(INPUT DATA begins)

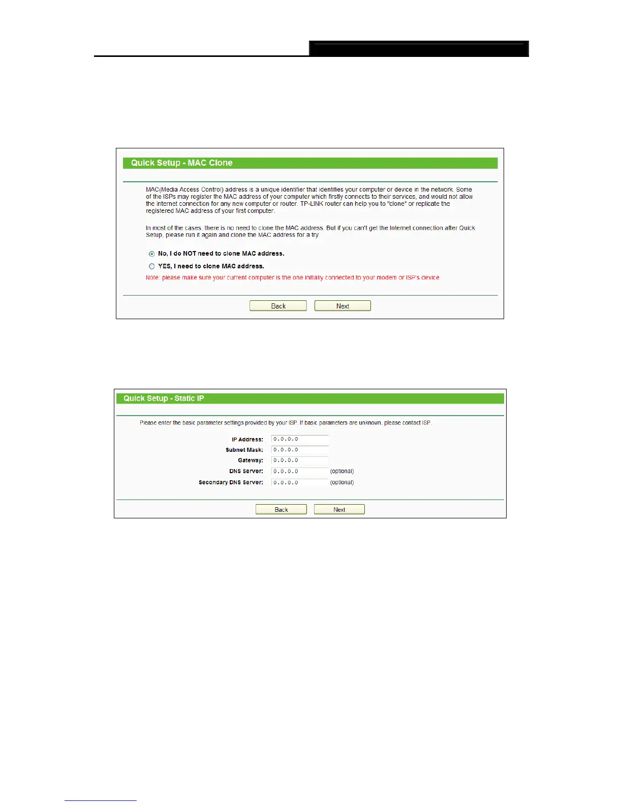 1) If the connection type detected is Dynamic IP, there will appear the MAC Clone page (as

(INPUT DATA ends)
(INPUT DATA begins)

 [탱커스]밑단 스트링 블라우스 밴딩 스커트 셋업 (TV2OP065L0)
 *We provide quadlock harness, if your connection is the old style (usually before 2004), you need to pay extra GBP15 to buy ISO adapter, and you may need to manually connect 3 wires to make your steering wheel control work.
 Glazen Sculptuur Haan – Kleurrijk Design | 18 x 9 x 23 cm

(INPUT DATA ends)
(INPUT DATA begins)

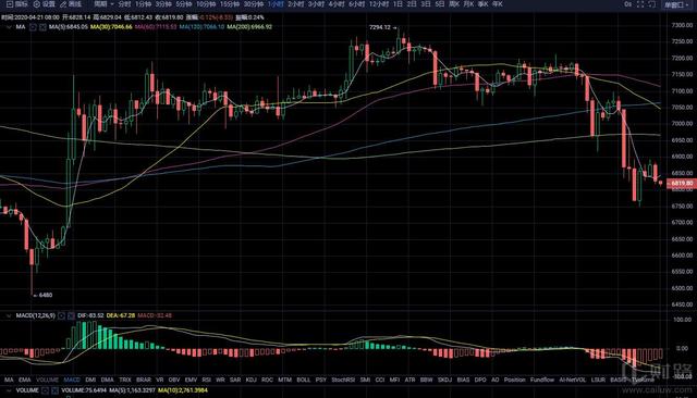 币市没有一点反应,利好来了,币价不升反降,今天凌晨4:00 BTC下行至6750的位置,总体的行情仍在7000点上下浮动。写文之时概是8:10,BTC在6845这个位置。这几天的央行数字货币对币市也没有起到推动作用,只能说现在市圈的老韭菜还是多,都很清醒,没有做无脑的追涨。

(INPUT DATA ends)

Out of the material above, output word for word the line with "wheel control work.", the line with "Glazen Sculptuur Haan", and all lines between them, with nothing else.

## [TASK SOLUTION]
 *We provide quadlock harness, if your connection is the old style (usually before 2004), you need to pay extra GBP15 to buy ISO adapter, and you may need to manually connect 3 wires to make your steering wheel control work.
 Glazen Sculptuur Haan – Kleurrijk Design | 18 x 9 x 23 cm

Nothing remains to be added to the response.